* **Try it**
Leave out all pictures and retype exactly the lines from the one with "On accède au" through the last line of the material.

* **Collected material**

────

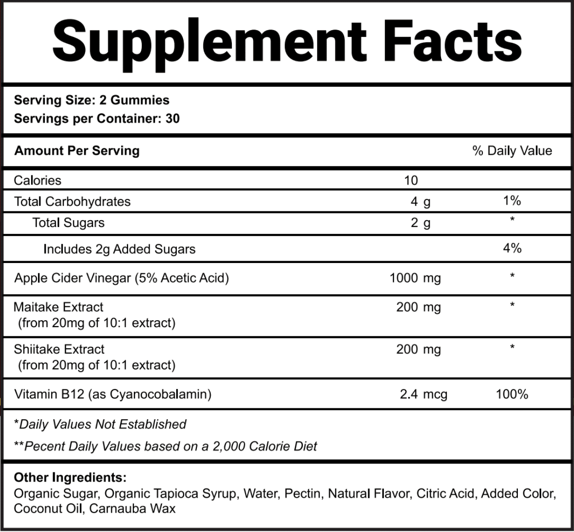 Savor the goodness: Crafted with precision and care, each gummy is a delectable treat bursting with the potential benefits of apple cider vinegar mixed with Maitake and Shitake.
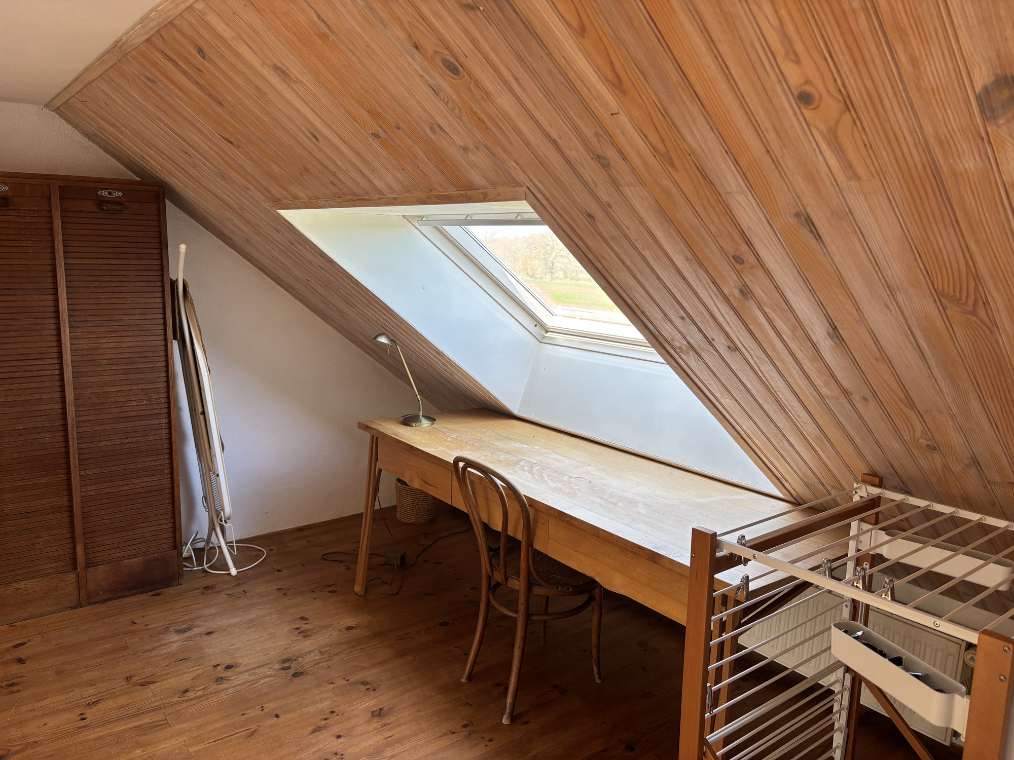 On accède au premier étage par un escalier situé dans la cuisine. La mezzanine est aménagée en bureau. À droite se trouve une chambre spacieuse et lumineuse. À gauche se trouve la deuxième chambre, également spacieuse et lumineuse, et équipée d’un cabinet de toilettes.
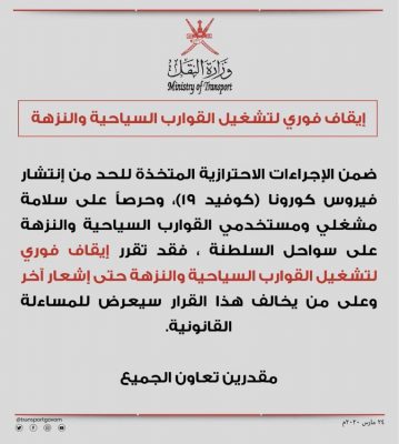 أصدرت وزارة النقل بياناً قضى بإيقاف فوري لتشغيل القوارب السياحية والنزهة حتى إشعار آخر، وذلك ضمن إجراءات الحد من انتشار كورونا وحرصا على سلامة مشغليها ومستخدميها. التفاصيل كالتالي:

────

* **Response to this exercise**
 On accède au premier étage par un escalier situé dans la cuisine. La mezzanine est aménagée en bureau. À droite se trouve une chambre spacieuse et lumineuse. À gauche se trouve la deuxième chambre, également spacieuse et lumineuse, et équipée d’un cabinet de toilettes.
 أصدرت وزارة النقل بياناً قضى بإيقاف فوري لتشغيل القوارب السياحية والنزهة حتى إشعار آخر، وذلك ضمن إجراءات الحد من انتشار كورونا وحرصا على سلامة مشغليها ومستخدميها. التفاصيل كالتالي:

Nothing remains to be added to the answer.